CROI 2008 Abstract #890

Session 142 Poster Abstracts
Viral Rebound and Emergence of Drug Resistance
Session Day and Time: Monday, 1-4 pm
Room: Hall B

890
Absence of Protease Resistance with Virologic Rebound by Single Genome Sequencing on Atazanavir/Ritonavir as Simplified Maintenance Therapy: ACTG 5201
John McKinnon*¹, T Wilkin², S Swindells³, G DiRienzo⁴, C Fletcher⁵, D Margolis⁶, G Thal⁷, B Bastow⁸, K Droll⁴, J Mellors¹, and the A5201 Study Group
¹Univ of Pittsburgh, PA, US; ²Weill Med Coll of Cornell Univ, New York, NY, US; ³Univ of Nebraska Med Ctr, Omaha, US; ⁴Harvard Sch of Publ Hlth, Boston, MA, US; ⁵Univ of Colorado Hlth Sci Ctr, Denver, US; ⁶Univ of North Carolina at Chapel Hill, US; ⁷Bristol-Myers Squibb, Plainsboro, NJ, US; and ⁸ACTG Operations Ctr, Silver Spring, MD, US

Background: Ritonavir-boosted atazanavir (ATV/RTV) without NRTI is attractive for simplified maintenance ART because of once-daily dosing, excellent tolerability, and absence of resistance with virologic rebound. However, these resistance analyses have been performed with standard population genotyping that often fails to detect variants that comprise <25% of the virus population. We therefore performed single genome sequencing to detect the emergence of low frequency ATV-resistant variants.

Methods: Subjects were enrolled in AIDS Clinical Trials Group (ACTG) 5201, a pilot study of ATV/RTV maintenance therapy in 36 patients. Plasma samples from 4 patients with protocol-defined virologic failures and 1 patient with detectable viremia at end of study were analyzed by standard genotyping (ViroSeq version 2.6) and single genome sequencing. An average of ≥45 sequences per sample were obtained to achieve 90% power to detect a resistant variant present in 5% of the viral pool.

Results: Plasma HIV-1 RNA levels ranged from 508 to 21,652 copies/mL. Standard genotyping did not detect any major protease inhibitor (PI) resistance mutations or predicted resistance (ViroSeq algorithm) for the 5 samples tested. Minor mutations detected by standard genotyping were I62V in 2 patients; I64V in 1 patient; and A71V and I93L in 1 patient. A total of 236 single genome sequences of protease were analyzed from the 5 samples with an average of 47 sequences/sample (range 43 to 53). No major protease mutations (Stanford drug resistance database) were identified in any of the sequences. Minor ATV resistance mutations detected only by single genome sequence were: I64V in 2 of 100 combined sequences from 2 patients, and G73S in 2 of 90 combined sequences from 2 patients. None of the minor mutations detected altered susceptibility to ATV (Stanford drug-resistance database). Each patient with virologic failure had re-suppression of HIV-1 RNA to <50 copies/mL with a RTV-boosted PI regimen.

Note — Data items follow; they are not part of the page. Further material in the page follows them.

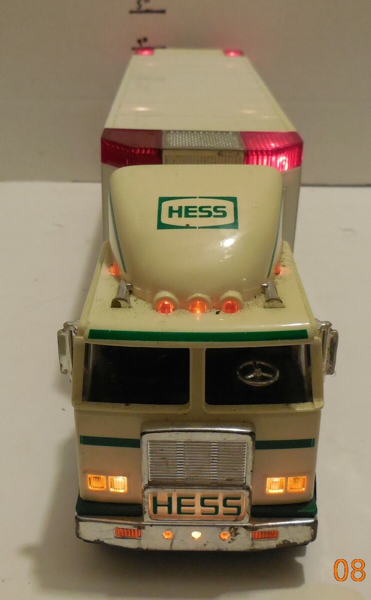 For Sale is a rare and hard to find 1997 Hess Gasoline Toy Truck and Racers NO BOX as pictured in good used condition. NO BOX, Inserts or Manual What you see is what you will receive if its not pictured its not included. Please see pictures provided for More Details. would make a wonderful addition to any Toy collection. Please ask Any and All Questions prior to purchasing. Fast Same or Next day shipping with Free Delivery Confirmation within the U.S. Payment Due within 7 days of purchase (if you need more time please let us know In advance) we love to combine shipping is always a Yes and Most of the time Additional Items Ship for free.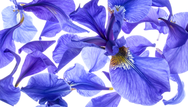 Vibrant blue and purple iris petals scattered beautifully on a crisp white background, creating a stunning floral pattern with delicate textures and rich botanical hues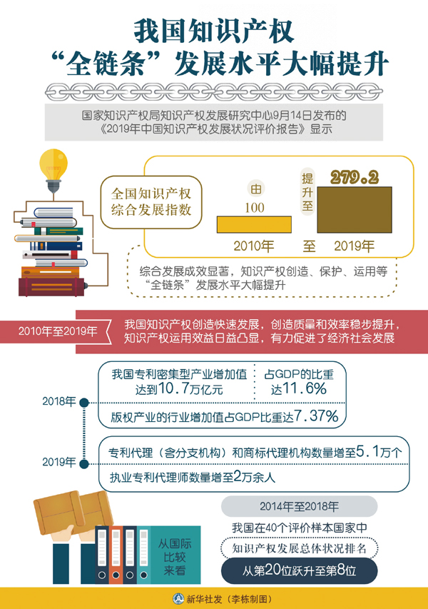 ——在完善法律法規(guī)方面,基本建立起符合國際通行規(guī)則、門類較為齊全的知識產權法律制度,實現了專利、商標、地理標志等知識產權的全方位、立體化保護。加入世貿組織以來,中國先后多次修訂專利法、商標法和著作權法等法律,基本形成了知識產權“嚴保護”的法律制度體系。

Conclusions: Low frequency PI-resistant variants were not identified with virologic rebound in subjects receiving ATV/RTV alone as simplified maintenance therapy. This finding supports the continued investigation of simplified maintenance therapy with ritonavir-boosted PI and provides evidence that future treatment options are not compromised by this strategy.